= List of Japanese prefectures by GDP =

This is a list of Japanese prefectures by GDP. Prefectural statistics are estimates of economic activity at the prefecture level calculated in accordance with Japan's national accounts.

== Methodology ==
The article lists the GDP of Japanese prefectures in main fiscal years, where all figures are obtained from the Statistics Bureau of Japan (日本統計局). Calculating GDP of Japanese prefectures is based on Japanese yen (JP¥), for easy comparison, all the GDP figures are converted into United States dollar (US$) or Renminbi (CN¥) according to current annual average exchange rates.

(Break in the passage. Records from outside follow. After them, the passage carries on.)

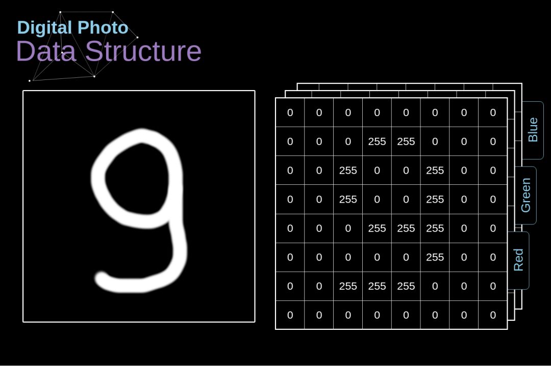 首先花一点时间来解释一下数字图像的存储方式。数字图像实际上是巨大的数字矩阵。矩阵中的每个数字对应于其像素的亮度。
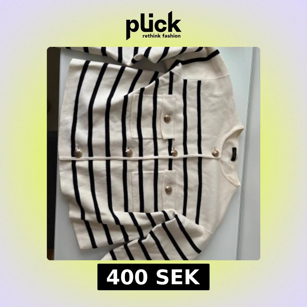 Snygg randig kofta från Massimo Dutti i svart och vit med dekorativa knappar framtill. Koftan har två fickor och en klassisk design som passar perfekt för både vardag och mer uppklädda tillfällen. Använd vid få tillfällen, säljs pga att den blivit liten på mig.
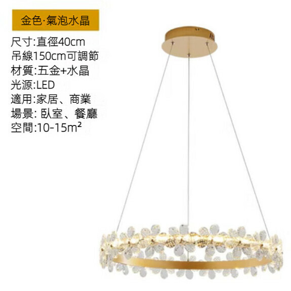 新款水晶花圓環吊燈(金色40cm單層-三色變光)
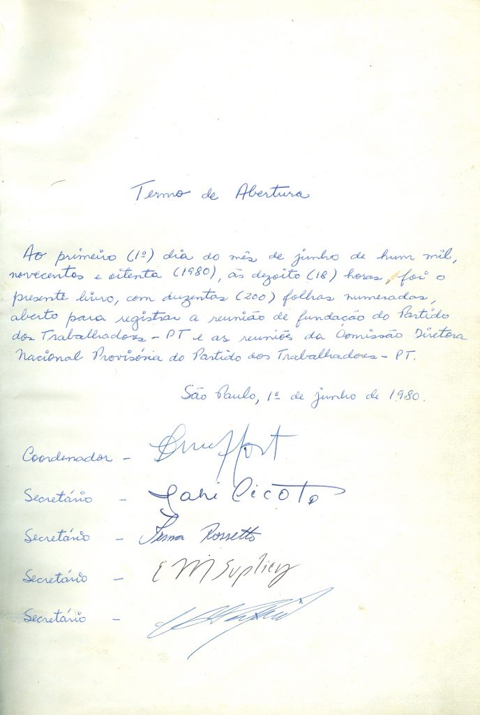 Termo de abertura da reunião de fundação do PT, São Paulo-SP, 01 de junho de 1980. Acervo: CSBH/FPA.
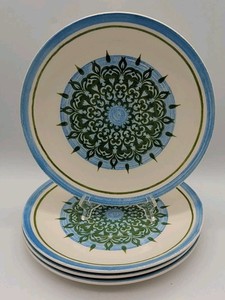 Vtg Royal Ironstone Blue And Green Floral Bread Plates Set Of 4 Appetizer Desert
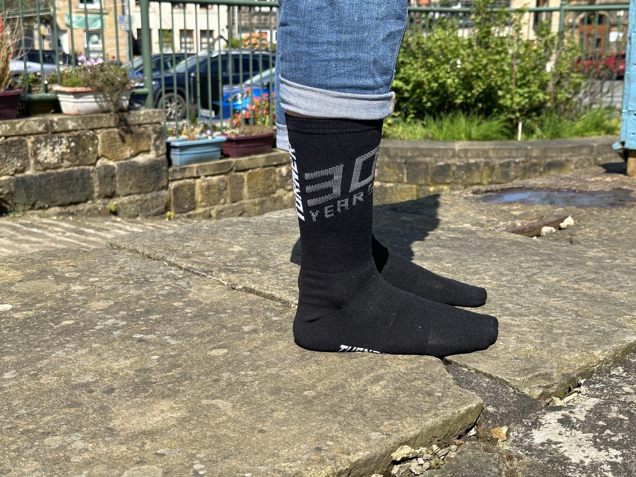 I couldn’t not have a pair of ‘the fastest socks in the world’. The pattern on these socks is not just decorative – they are ‘turbulators’ designed to make the air around your ankles flow faster. These are right on the 19.5cm UCI limit for sock height. Yes, there is an actual rule about sock height. Us MTB riders with our knee socks – total rule breakers! These socks have been wind tunnel tested and found to offer ‘4-8 watts drag reduction when compared to standard socks and equal to ribbed lycra socks of similar height’. Maybe they’ll make the Pennine winds feel less severe?
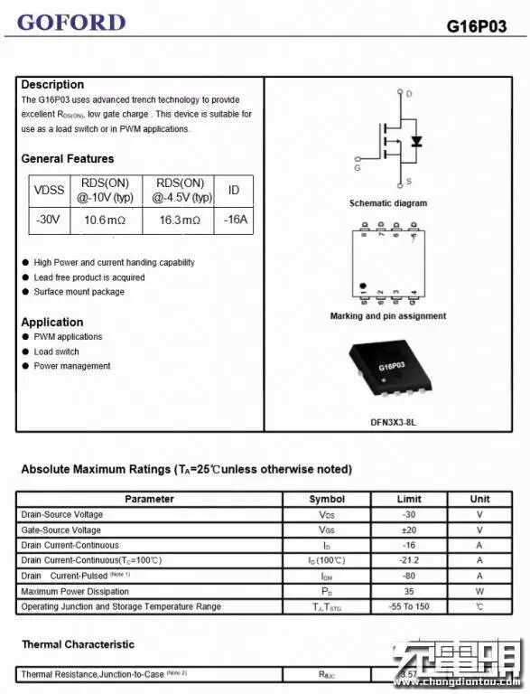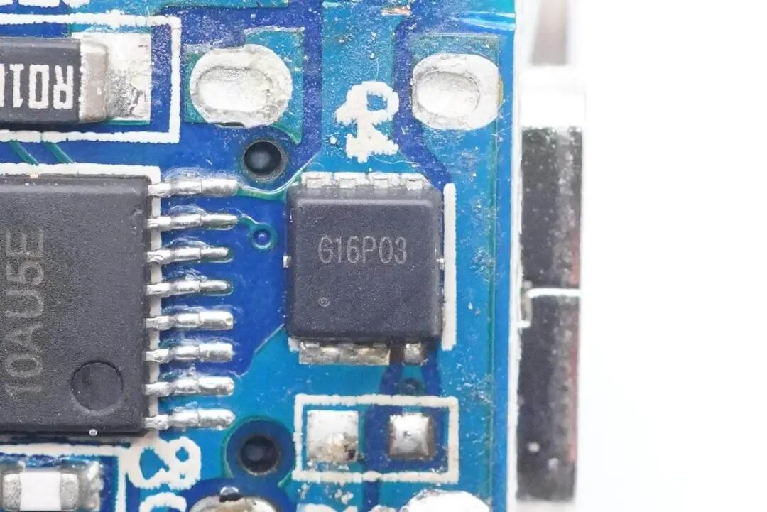 输出USB-A口VBUS开关管采用谷峰G16P03,PMOS管,耐压30V。
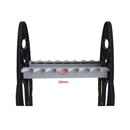 -. Feature : It can store and display up to 16 rods and reel combinations, or fishing landing net, hiking sticks, billiard sticks side by side / Super light and easy to assemble and transfer, double sided storage / Easy to use, provides easy access to your rods and sticks, securely store any rod type with the reels on / Get one for your boat, yacht, garage or maybe even the bedroom / Portable, durable and space saver
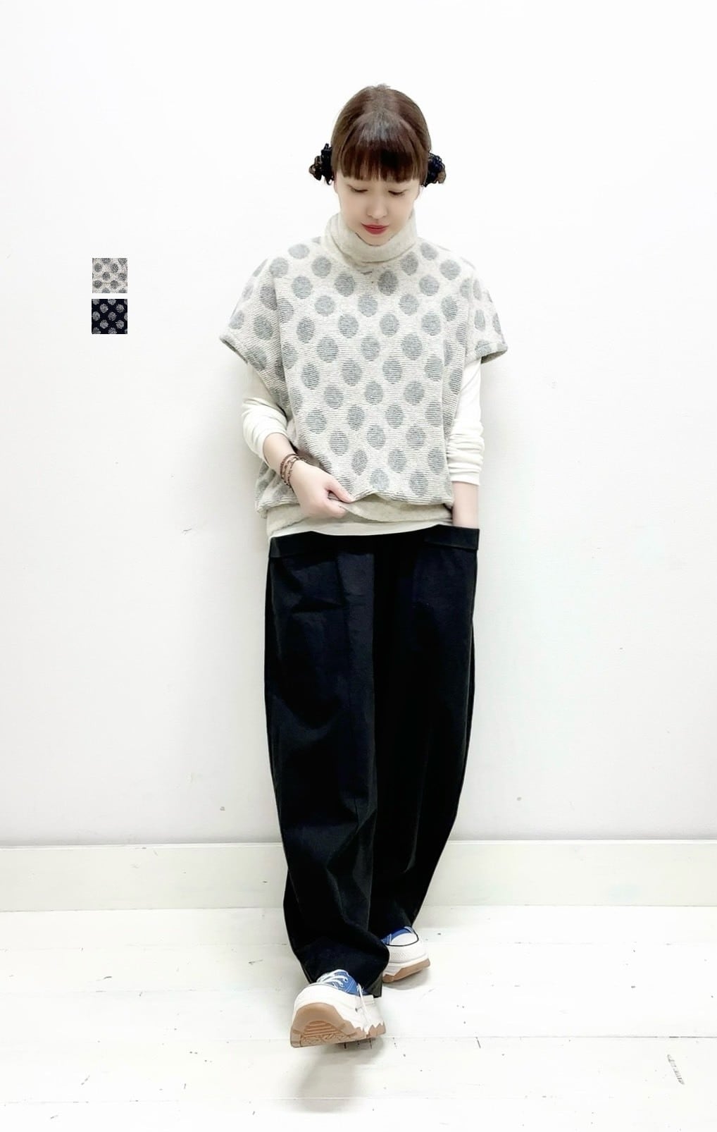 【prit】ウールパイルドットジャガードタートルネックプルオーバーベスト / P90607
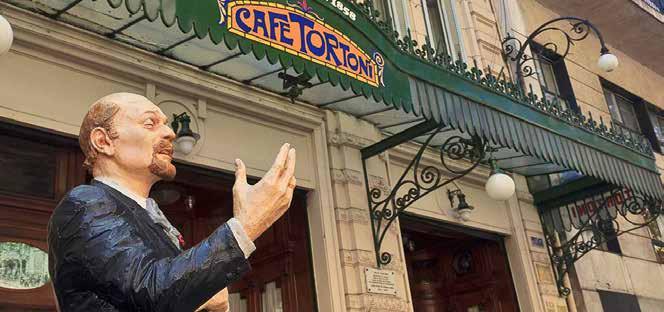 cal a la calle Rivadavia 174/76/78, de la antigua numeración, y el 26 de octubre de 1894, unos tres meses después de que se abriera la Avenida de Mayo, inauguró en esa arteria una entrada para el Café que además, fue el primero de los locales porteños en instalar mesas y sillas en la vereda. Es la cantina café más antigua y emblemática de Buenos Aires, aún con mesas de mármol, vitrales, muebles clásicos, funcionó y funciona como escenario de importantes películas, series y shows musicales, hay shows de jazz / tango, muy frecuentado por su chocolate con churros, Tortoni declarado patrimonio histórico, fue punto de encuentro de figuras como Alfonsina Storni, Jorge Luis Borges y Carlos Gardel; a través de los años, de manera espontánea y gentil, muchos artistas importantes han dejado la impronta de su talento en los muros del Café, con obras que ilustran pasajes de su rica historia o inmortalizan presencias legendarias, más de 100 cuadros y esculturas convierten a Tortoni no sólo en un recinto gastronómico, sino tambien en un museo en donde detenerse para apreciar las obras expuestas, no te lo puedes perder.
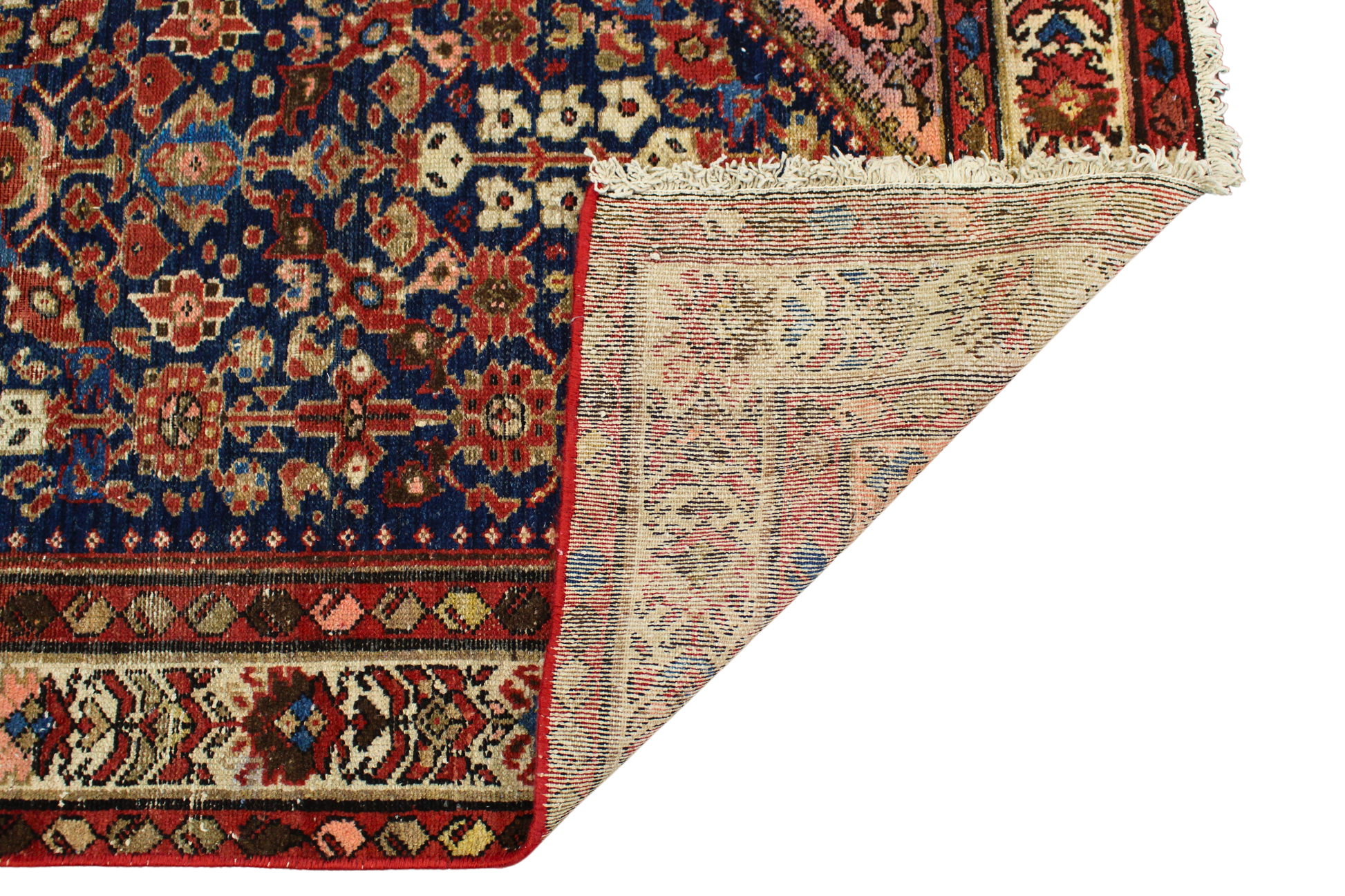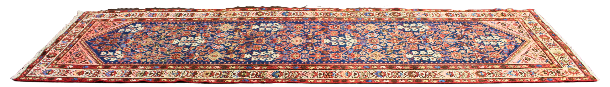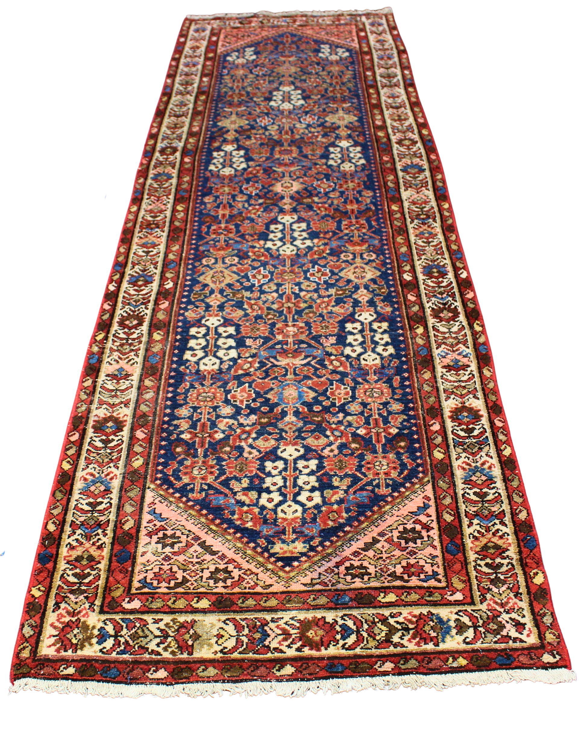 This antique Persian Malayer runner (3.5 × 11.7 ft) is a timeless corridor statement, marrying vertical symmetry with botanical finesse. A rare medallion-spired layout unfolds from each end, with vines and blossoms climbing across the deep midnight-blue field like a stylized garden wall.

Note that due to heavy changes in yen/yuan/dollar rates, nominal GDP may not reflect relative economic strength in foreign currency terms, meaning that comparisons between years and prefectures are most meaningful in the native currency, the yen.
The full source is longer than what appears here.